* _WORK ORDER_
Only an exact repeat of the listing, without its images, counts as the answer.

* _DATA BLOCK_

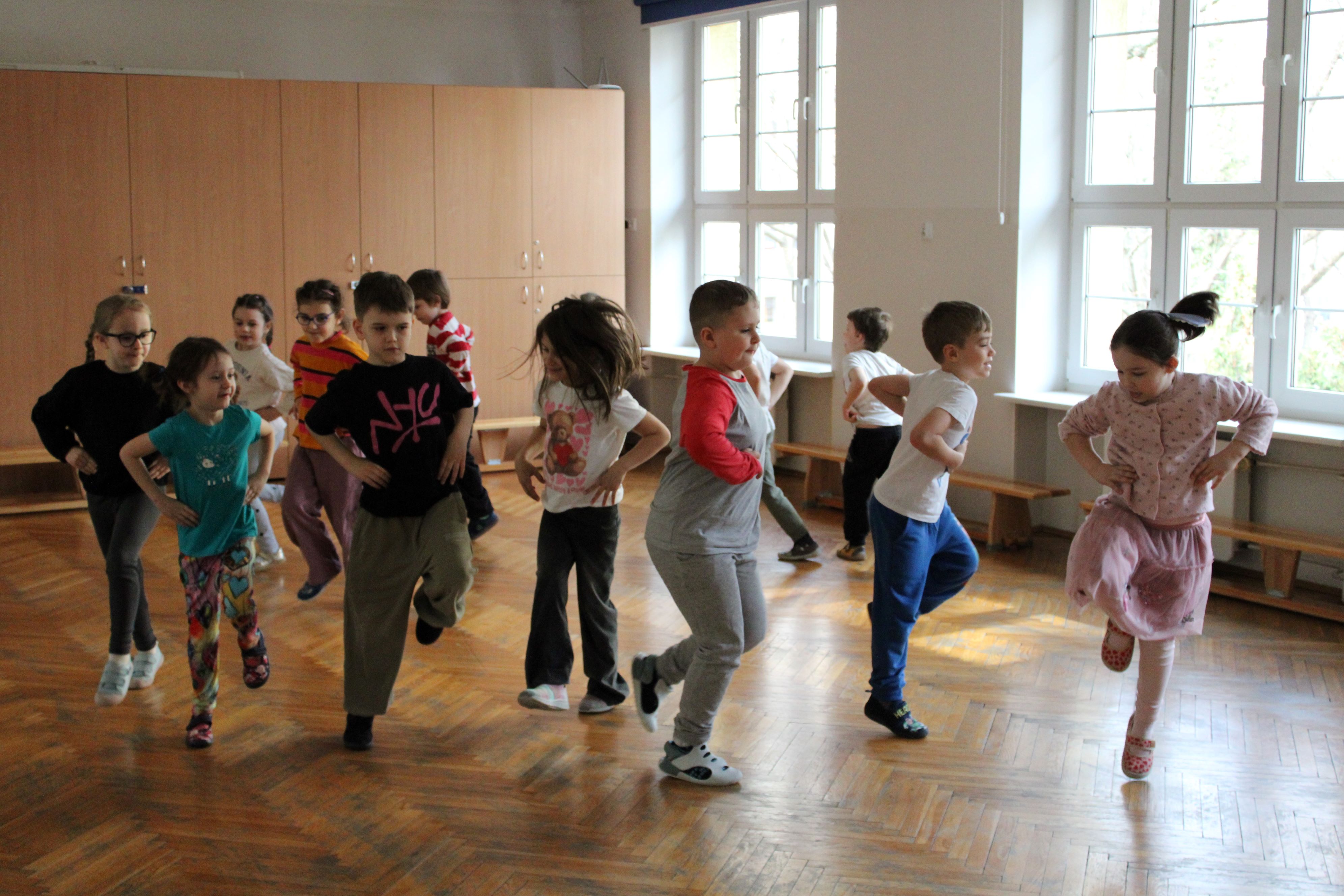 Dzisiaj wszystkie grupy przedszkolaków wzięły udział w zajęciach z rytmiki. Był to czas pełen radości, ruchu i wspólnej zabawy przy muzyce.
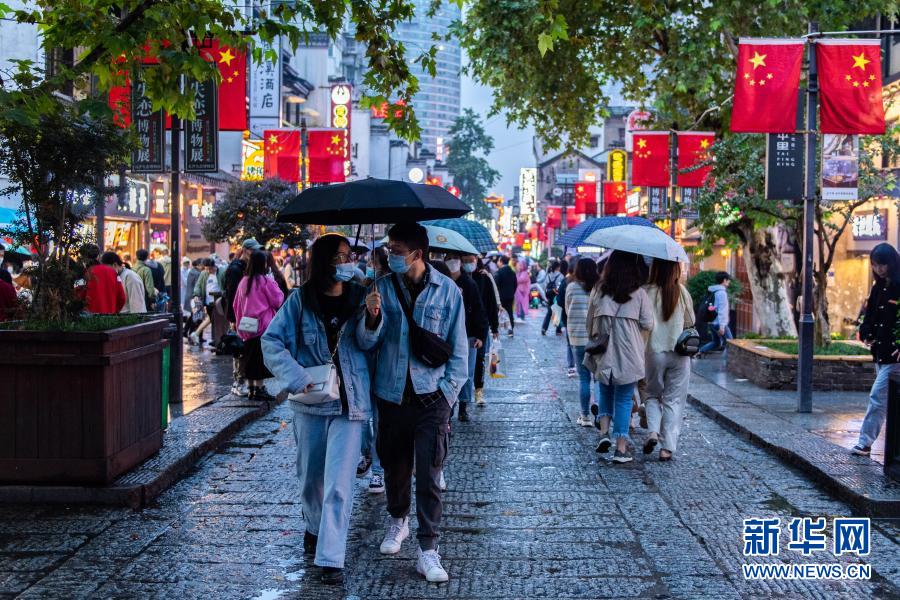 10月5日,湖南长沙太平街上人群熙熙攘攘。新华社记者陈思汗摄
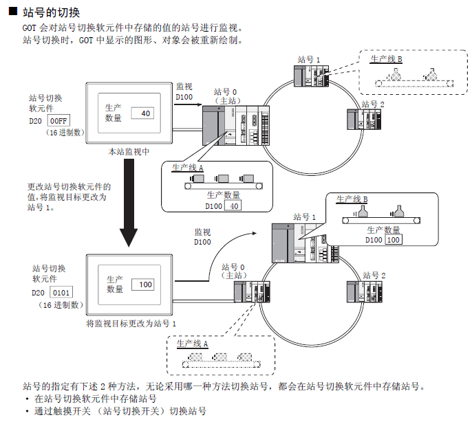 二:實際使用中根據(jù)不同機臺切換站號即可,三菱觸摸屏支持站號切換,將站號規(guī)定為軟元件從而靈活設(shè)置站號的切換

* _TASK RESULT_
 Dzisiaj wszystkie grupy przedszkolaków wzięły udział w zajęciach z rytmiki. Był to czas pełen radości, ruchu i wspólnej zabawy przy muzyce.
 10月5日,湖南长沙太平街上人群熙熙攘攘。新华社记者陈思汗摄
 二:實際使用中根據(jù)不同機臺切換站號即可,三菱觸摸屏支持站號切換,將站號規(guī)定為軟元件從而靈活設(shè)置站號的切換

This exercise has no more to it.